In this issue of Salt Lake magazine, we published “Across the Great Divide,” a close look at the clash between Utah lawmakers who want to mine and drill Utah's public lands for the maximum payoff and the outdoor recreation industry that argues those policies would be disastrous to a sustainable recreation and tourism economy. Things have begun to crackle and pop on the controversy.
The state's Constitutional Defense Council scrutinized HB148, the so-called “land-grab” law, and recently reported that the trumpeted economic advantages of state control of public land is more complicated than lawmakers ever imagined (no surprise there). The report brought up a reality often overlooked by Sagebrush rebels—the feds pay hundreds of millions in annual “payment in lieu of taxes” fees to the state and counties that would be lost with state takeover.
Gov. Gary Herbert continues to argue that the state would quickly make that and more back through aggressive development and better land management.
The Constitutional Council's study also recommended:
• Setting aside certain areas as development-free wilderness.

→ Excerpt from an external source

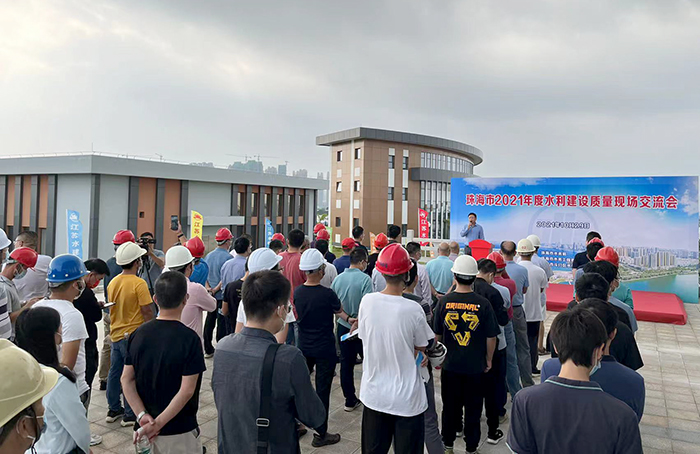 10月29日下午,珠海市2021年度水利建设质量现场交流会在我公司承建的珠海市斗门区白蕉联围排涝整治工程白藤泵站项目部开展。活动由珠海市水务局主办,珠海市各区水行政主管部门、市水务工程质量安全管理中心、市水务协会以及在建水利工程参建单位近100名代表参加了交流会。
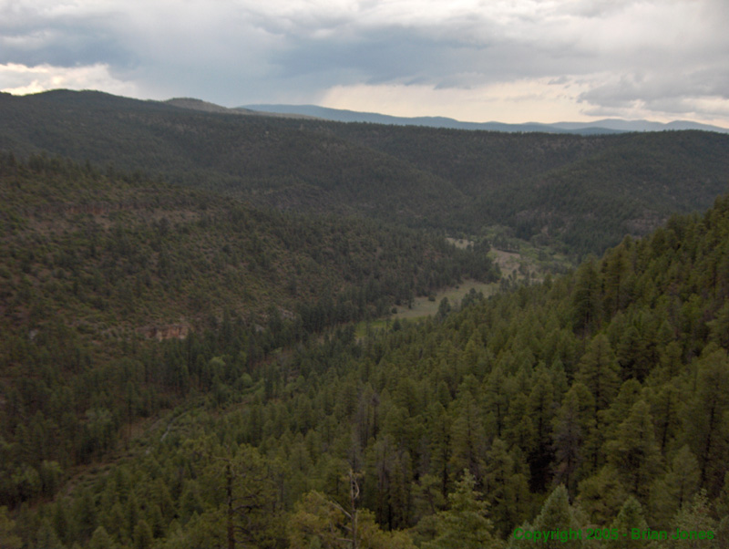 I gave Shan my parka and got out my coat, which at least offered some protection from the rain, despite not being completely waterproof. Eventually we made it to the end of the mesa and then looked down on the confluence of Iron Creek and the Middle Fork of the Gila River (734500 E, 3696750 N). What a gorgeous sight that was!

• Create an interim commission to actually study the effects of a transfer of federal land to the state. Many environmentalists find it perplexing that the Legislature passed HB148 before they did a study of its implications.

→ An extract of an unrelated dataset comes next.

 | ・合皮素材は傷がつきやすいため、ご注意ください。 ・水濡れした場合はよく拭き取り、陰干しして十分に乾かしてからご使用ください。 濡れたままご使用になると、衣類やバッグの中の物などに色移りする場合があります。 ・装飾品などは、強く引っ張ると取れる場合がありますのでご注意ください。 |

Meanwhile, more than 100 outdoor-recreation companies joined to ask President Barack Obama to set aside much of the federal land around Canyonlands National Park as a national monument. The group was led by Salt Lake-based Black Diamond's CEO Peter Metcalf, who has taken the fight directly to Herbert, with a threat that his land policies could cost Salt Lake City the annual Outdoor Retailers shows—the biggest conventions in the state:
"We believe this sends a powerful message to all of Utah's congressional delegation," Metcalf said. "This would become one of the greatest national monuments in the West."